Nuclear power station
- Reactor type: PWR

Power generation
- Nameplate capacity: 5,875 MW

External links
- Website: yk.khnp.co.kr
- Commons: Related media on Commons

= Hanbit Nuclear Power Plant =

Nuclear power plant in South Korea

The Hanbit Nuclear Power Plant is a large nuclear power station in the Jeollanam-do province of South Korea. The facility runs at an installed capacity of 5,875 MW. The power station is currently ranked as the fifth largest nuclear power station in the world.
The plant's name was changed from Yeonggwang NPP to Hanbit in 2013 at the request of local fishermen.

All the units at Hanbit are of the Pressurized Water Reactor (PWR) reactor type. Unit-1 and Unit-2 are 3-loop Westinghouse-designed plants; major components were sourced from foreign firms while auxiliary components and site construction were handled domestically. Unit-3 and Unit-4 are 2-loop Combustion Engineering (C-E) System 80 plants with major components and construction handled domestically under a technology transfer agreement. Unit-5 and Unit-6 are based on the Ulchin (now Hanul) Unit-3 OPR-1000 Korean Standard Nuclear Power Plant design.

| Unit | Type | Net Capacity | Construction start | Operation start | Notes |
|---|---|---|---|---|---|
| Hanbit-1 | WH F | 959 | 4 Jun 1981 | 25 Aug 1986 |  |
| Hanbit-2 | WH F | 958 | 10 Dec 1981 | 10 Jun 1987 |  |
| Hanbit-3 | OPR-1000 | 998 | 23 Dec 1989 | 31 Mar 1995 |  |
| Hanbit-4 | OPR-1000 | 997 | 26 May 1990 | 1 Jan 1996 |  |
| Hanbit-5 | OPR-1000 | 993 | 29 Jun 1997 | 21 May 2002 |  |
| Hanbit-6 | OPR-1000 | 993 | 20 Nov 1997 | 24 Dec 2002 |  |

== Incidents ==

In November 2012, security checkups prompted by the Fukushima Daiichi nuclear disaster revealed that from 2003, eight suppliers had forged quality certificates for a delivered 7,682 items to the plant.
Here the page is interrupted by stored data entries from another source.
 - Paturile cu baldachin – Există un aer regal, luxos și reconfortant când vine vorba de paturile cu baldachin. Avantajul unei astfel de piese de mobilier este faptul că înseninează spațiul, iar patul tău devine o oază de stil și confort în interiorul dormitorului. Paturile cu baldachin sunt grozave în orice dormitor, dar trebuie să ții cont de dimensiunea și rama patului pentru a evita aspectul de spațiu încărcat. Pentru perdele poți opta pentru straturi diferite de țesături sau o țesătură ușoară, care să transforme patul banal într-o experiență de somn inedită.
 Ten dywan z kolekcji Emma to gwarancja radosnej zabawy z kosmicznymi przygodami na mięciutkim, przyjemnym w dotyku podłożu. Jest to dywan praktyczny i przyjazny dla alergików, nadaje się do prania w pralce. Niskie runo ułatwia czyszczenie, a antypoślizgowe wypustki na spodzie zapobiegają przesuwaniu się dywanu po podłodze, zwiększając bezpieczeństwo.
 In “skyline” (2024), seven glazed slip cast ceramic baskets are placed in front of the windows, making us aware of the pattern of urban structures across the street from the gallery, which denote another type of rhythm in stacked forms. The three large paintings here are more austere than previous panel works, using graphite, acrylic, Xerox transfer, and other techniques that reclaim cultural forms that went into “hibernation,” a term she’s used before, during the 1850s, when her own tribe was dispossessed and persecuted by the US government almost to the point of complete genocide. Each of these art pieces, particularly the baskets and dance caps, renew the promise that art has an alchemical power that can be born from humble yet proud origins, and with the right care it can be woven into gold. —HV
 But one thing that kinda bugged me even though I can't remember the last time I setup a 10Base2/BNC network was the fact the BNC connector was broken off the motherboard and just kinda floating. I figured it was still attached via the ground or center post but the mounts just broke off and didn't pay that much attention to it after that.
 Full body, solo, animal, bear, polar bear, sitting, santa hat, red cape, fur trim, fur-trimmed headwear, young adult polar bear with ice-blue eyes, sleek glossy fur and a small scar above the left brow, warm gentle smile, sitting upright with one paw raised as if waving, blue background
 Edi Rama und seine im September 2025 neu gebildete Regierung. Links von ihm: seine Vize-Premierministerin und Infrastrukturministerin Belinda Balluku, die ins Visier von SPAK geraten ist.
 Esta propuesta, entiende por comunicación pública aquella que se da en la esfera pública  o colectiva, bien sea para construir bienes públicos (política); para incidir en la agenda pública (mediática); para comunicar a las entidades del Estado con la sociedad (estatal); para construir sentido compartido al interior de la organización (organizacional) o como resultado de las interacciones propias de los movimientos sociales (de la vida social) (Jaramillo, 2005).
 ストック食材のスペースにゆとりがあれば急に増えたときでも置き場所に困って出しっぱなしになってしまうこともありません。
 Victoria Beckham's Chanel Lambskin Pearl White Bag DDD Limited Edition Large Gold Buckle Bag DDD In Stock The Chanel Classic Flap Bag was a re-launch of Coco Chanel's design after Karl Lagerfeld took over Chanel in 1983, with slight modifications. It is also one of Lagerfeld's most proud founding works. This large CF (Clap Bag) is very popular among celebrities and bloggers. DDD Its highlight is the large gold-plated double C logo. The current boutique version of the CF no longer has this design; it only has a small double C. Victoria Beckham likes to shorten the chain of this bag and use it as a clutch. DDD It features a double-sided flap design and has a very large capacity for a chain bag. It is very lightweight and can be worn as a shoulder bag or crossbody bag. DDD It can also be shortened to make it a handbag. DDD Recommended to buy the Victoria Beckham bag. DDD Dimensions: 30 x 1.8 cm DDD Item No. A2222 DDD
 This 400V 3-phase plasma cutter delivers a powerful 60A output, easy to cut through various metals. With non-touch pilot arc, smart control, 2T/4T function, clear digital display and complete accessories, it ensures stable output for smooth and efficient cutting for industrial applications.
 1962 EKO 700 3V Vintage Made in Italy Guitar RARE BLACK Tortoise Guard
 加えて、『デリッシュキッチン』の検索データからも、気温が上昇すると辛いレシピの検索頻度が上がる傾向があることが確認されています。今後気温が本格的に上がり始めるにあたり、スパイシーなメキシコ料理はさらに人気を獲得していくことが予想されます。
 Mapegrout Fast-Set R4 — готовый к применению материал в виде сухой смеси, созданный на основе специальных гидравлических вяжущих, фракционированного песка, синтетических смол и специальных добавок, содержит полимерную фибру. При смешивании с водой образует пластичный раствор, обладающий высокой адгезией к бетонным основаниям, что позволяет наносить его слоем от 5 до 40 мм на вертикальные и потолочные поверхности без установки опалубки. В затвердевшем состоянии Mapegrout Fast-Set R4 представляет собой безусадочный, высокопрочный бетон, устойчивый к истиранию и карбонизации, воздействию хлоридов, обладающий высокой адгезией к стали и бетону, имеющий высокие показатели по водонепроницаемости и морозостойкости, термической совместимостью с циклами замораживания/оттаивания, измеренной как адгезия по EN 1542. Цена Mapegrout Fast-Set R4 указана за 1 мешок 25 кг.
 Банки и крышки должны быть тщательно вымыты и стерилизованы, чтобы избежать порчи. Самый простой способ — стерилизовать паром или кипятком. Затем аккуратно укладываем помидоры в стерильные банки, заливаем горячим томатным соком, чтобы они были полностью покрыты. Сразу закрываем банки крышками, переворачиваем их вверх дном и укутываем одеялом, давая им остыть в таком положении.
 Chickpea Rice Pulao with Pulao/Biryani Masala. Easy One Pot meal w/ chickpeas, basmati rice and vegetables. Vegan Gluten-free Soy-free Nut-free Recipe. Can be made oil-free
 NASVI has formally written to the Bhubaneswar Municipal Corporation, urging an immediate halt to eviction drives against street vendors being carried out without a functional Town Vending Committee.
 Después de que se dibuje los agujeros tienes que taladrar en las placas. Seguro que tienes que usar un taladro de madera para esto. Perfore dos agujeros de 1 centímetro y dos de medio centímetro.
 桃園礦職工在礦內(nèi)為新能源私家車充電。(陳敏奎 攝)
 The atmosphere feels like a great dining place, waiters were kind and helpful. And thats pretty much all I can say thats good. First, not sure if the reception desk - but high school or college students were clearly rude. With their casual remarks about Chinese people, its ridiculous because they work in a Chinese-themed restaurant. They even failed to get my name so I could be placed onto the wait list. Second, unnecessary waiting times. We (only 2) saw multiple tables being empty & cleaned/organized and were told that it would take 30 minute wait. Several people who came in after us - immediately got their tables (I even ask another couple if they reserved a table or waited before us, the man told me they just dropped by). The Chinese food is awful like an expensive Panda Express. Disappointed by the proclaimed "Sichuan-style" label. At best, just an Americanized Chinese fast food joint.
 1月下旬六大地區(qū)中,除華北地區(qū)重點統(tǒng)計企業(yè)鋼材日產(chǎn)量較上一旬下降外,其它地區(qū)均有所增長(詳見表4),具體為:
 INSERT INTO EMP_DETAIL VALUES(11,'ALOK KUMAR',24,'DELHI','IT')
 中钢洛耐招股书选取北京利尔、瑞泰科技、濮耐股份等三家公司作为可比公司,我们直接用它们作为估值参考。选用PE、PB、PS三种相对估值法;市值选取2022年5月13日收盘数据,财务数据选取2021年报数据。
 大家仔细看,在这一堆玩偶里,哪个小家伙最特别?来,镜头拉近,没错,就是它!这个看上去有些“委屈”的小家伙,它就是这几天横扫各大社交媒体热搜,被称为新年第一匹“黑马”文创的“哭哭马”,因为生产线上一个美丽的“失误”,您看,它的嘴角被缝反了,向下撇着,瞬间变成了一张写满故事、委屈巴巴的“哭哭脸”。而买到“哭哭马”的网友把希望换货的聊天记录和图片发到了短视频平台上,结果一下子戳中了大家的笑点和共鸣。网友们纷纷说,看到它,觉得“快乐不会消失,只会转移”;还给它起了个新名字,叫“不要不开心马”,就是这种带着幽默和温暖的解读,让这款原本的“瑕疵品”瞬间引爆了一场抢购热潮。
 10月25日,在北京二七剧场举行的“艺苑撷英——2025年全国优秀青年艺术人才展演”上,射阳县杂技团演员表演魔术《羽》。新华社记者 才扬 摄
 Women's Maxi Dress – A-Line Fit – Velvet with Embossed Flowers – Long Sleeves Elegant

Of the plant's six reactors, two were affected by more than 5,000 of those parts and were consequently shut down, for an expected eight weeks. According to the Yonhap news agency, the incident was likely to seriously undermine the confidence in South Korean nuclear reactors and could thus impede the country's export of nuclear power plants. Knowledge Economy Minister Hong Suk-woo responded that the "government plans to further increase its efforts to export nuclear reactors. In this regard, the government will quickly provide all necessary and accurate facts to prospective foreign buyers to make sure there is not a single shred of doubt left over the safety of the country's nuclear reactors".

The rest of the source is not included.